This Jan. 22, 2019, file photo shows Christian artists Joanna Duka, front left, and Breanna Koski, front right, outside the Arizona Supreme Court after justices heard arguments over Phoenix's anti-discrimination ordinance that bars businesses from refusing service to same-sex couples for religion reasons. Duka and Koski, who operate a business that makes invitations and other wedding-related items, had challenged the constitutionality of the ordinance. On Sept. 16, 2019, the state Supreme Court said the free speech rights of Duka and Koski were violated by the ordinance. (AP Photo/Ross D. Franklin,File)

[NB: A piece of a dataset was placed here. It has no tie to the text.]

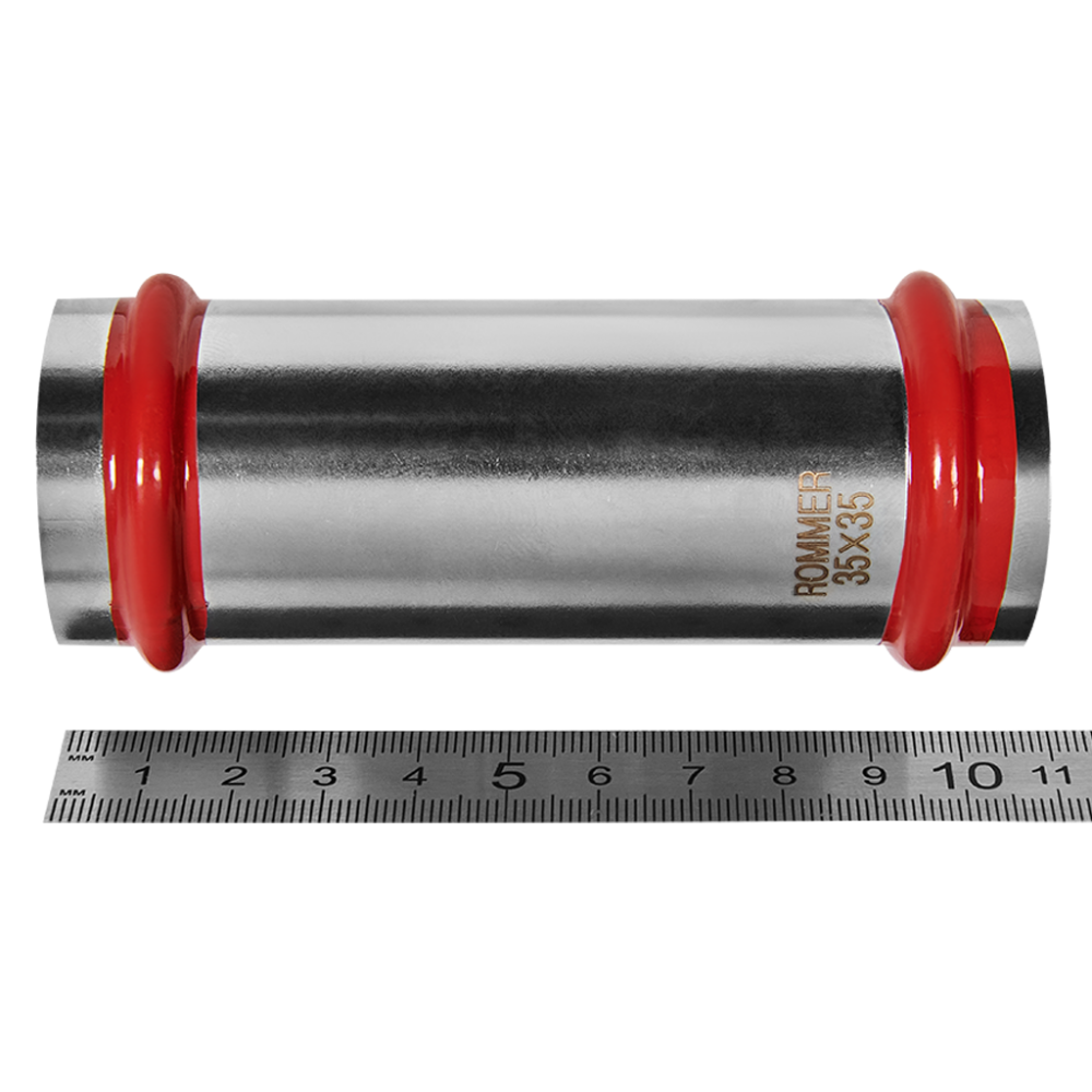 Муфта надвижная Rommer ВПр, 35, из нержавеющей стали RSS-0019-000035 соединяет трубы одного диаметра с надвижным монтажом, обеспечивает быстрый и герметичный монтаж без сварки.

(RNS) — Another skirmish in the national war over religious liberty ended last week, when the Arizona Supreme Court awarded two Christian commercial artists a partial exemption from Phoenix’s anti-discrimination ordinance

In an opinion column published by Religion News Service on Thursday (Sept. 19), the two artists, Joanna Duka and Breanna Koski, claim that the ruling means that the city “cannot compel us to imagine and create custom artwork that violates our beliefs.”

Actually, that’s not the case. 

What the court ruled, in a narrow 4-3 decision, was that Duka and Koski cannot be compelled to make wedding invitations with words or symbols that, in the court’s view, signify their approval of (in this case) same-sex marriage. Which is to say, they don’t have to make invitations if these include the names of the couple and request the honor of the recipient’s presence, with maybe a rainbow flag on the side.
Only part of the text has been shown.